Information provided:
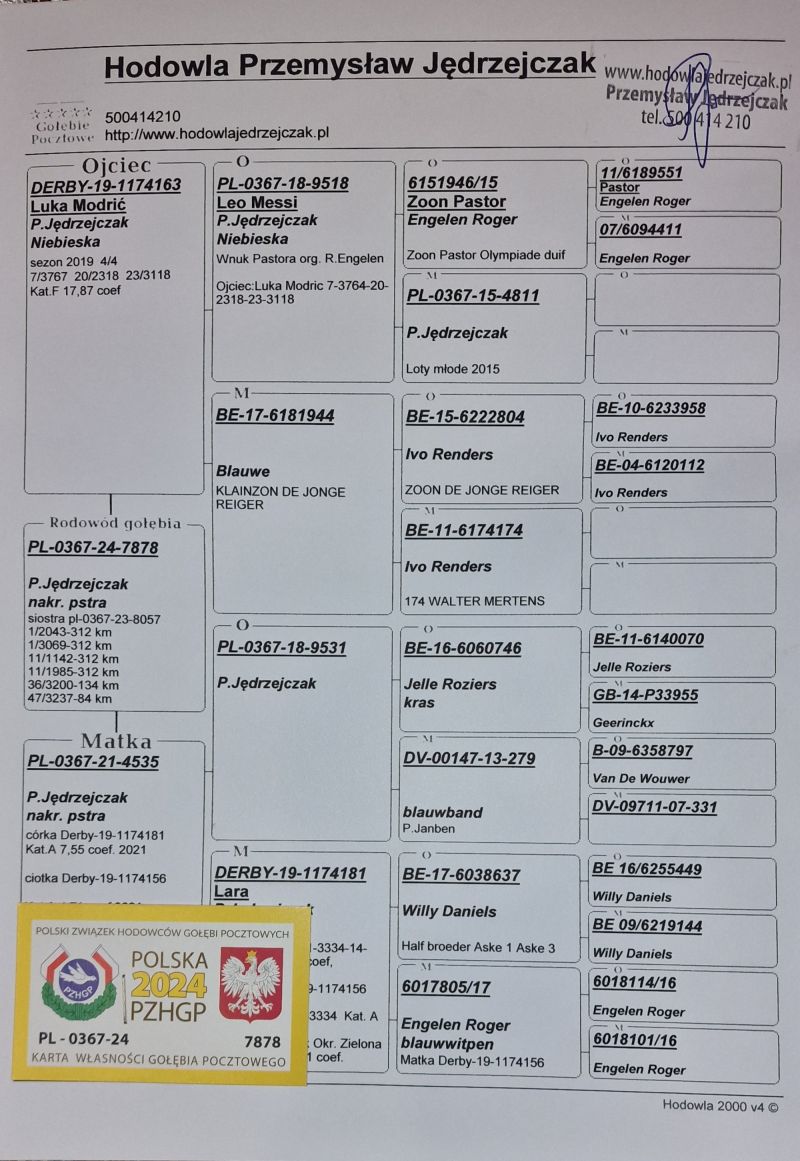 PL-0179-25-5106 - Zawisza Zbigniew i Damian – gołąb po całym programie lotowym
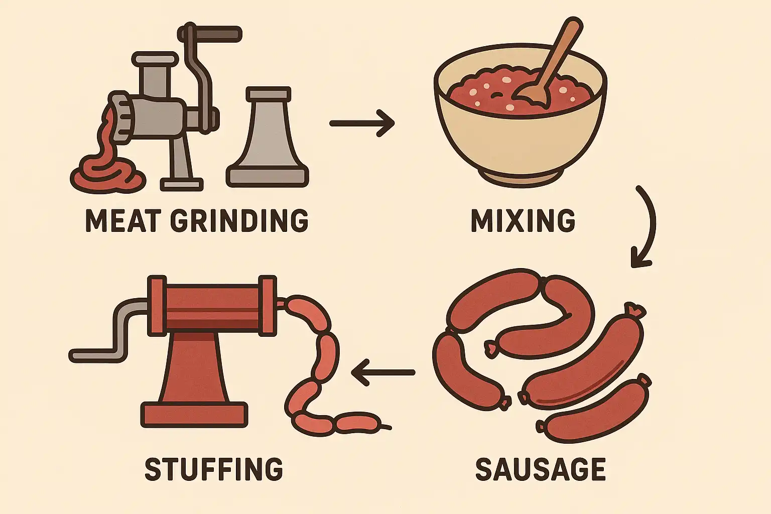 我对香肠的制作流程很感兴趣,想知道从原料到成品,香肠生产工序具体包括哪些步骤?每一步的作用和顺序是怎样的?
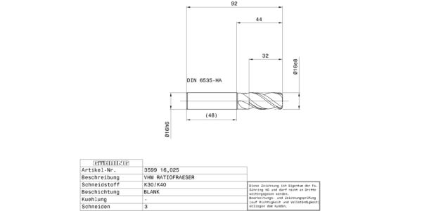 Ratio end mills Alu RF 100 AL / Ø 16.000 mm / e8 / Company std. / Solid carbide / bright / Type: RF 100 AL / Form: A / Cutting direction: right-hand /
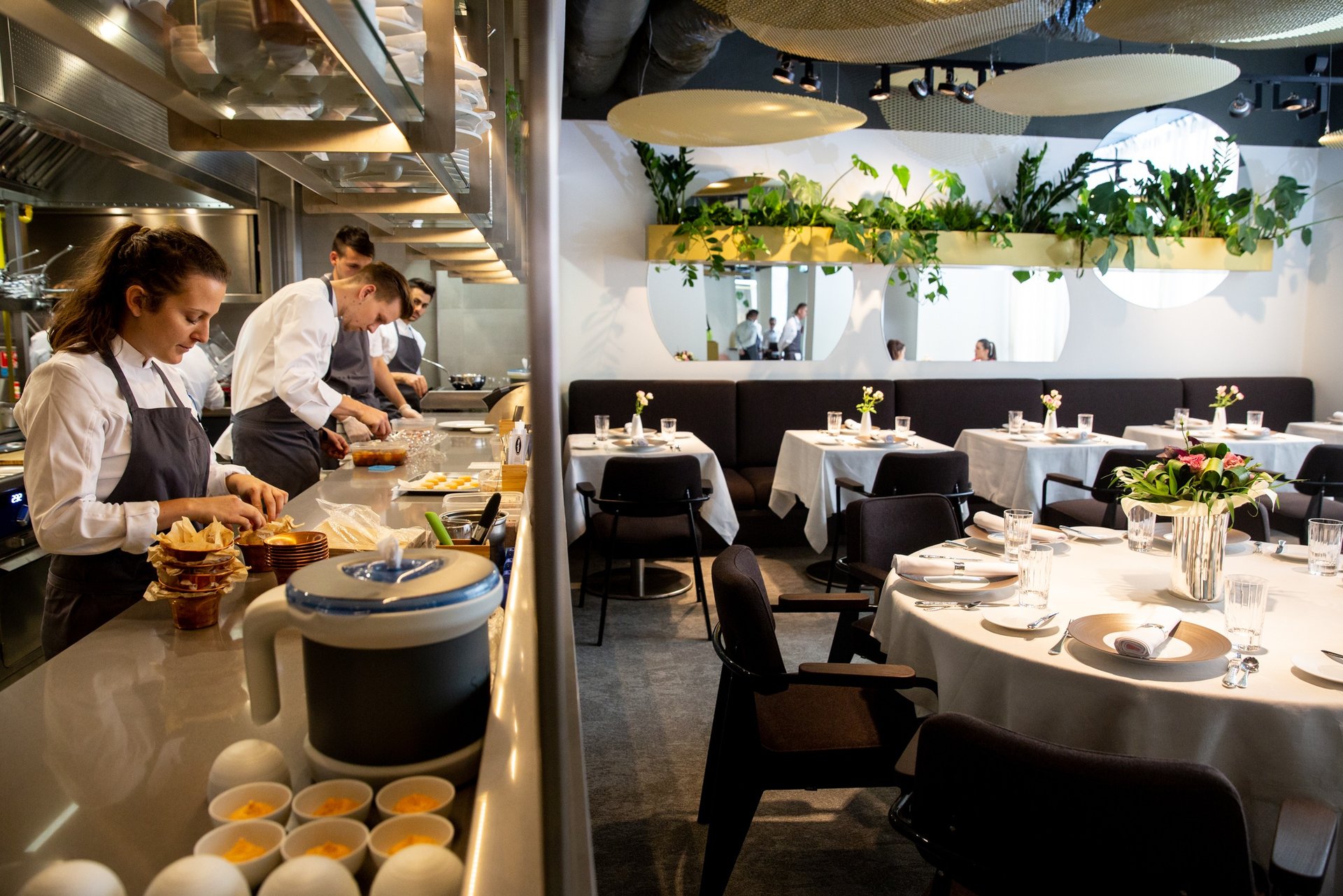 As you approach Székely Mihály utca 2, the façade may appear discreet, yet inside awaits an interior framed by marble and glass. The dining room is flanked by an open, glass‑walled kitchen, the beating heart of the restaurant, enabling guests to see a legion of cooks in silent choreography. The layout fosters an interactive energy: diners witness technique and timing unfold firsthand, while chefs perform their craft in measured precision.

--

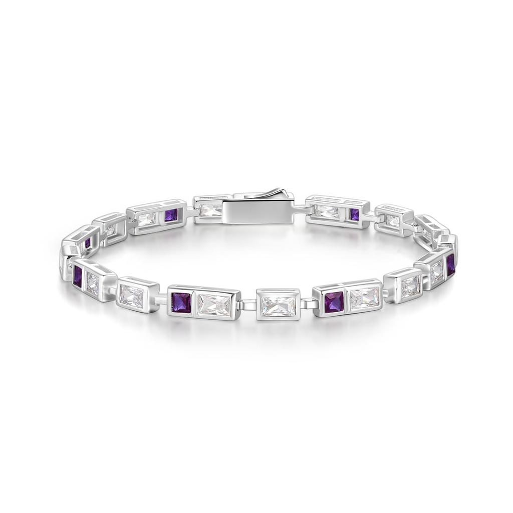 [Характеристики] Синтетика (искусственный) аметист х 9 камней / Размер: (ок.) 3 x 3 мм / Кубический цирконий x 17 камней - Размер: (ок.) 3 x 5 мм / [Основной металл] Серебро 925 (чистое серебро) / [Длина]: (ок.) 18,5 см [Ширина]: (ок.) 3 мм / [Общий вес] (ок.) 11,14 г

What is needed:
In the listing above, find the line with "PL-0179-25-5106 - Zawisza" and the line with "As you approach". Set down both and every line between them, minus the pictures.

Solution to this problem:
 PL-0179-25-5106 - Zawisza Zbigniew i Damian – gołąb po całym programie lotowym
 我对香肠的制作流程很感兴趣,想知道从原料到成品,香肠生产工序具体包括哪些步骤?每一步的作用和顺序是怎样的?
 Ratio end mills Alu RF 100 AL / Ø 16.000 mm / e8 / Company std. / Solid carbide / bright / Type: RF 100 AL / Form: A / Cutting direction: right-hand /
 As you approach Székely Mihály utca 2, the façade may appear discreet, yet inside awaits an interior framed by marble and glass. The dining room is flanked by an open, glass‑walled kitchen, the beating heart of the restaurant, enabling guests to see a legion of cooks in silent choreography. The layout fosters an interactive energy: diners witness technique and timing unfold firsthand, while chefs perform their craft in measured precision.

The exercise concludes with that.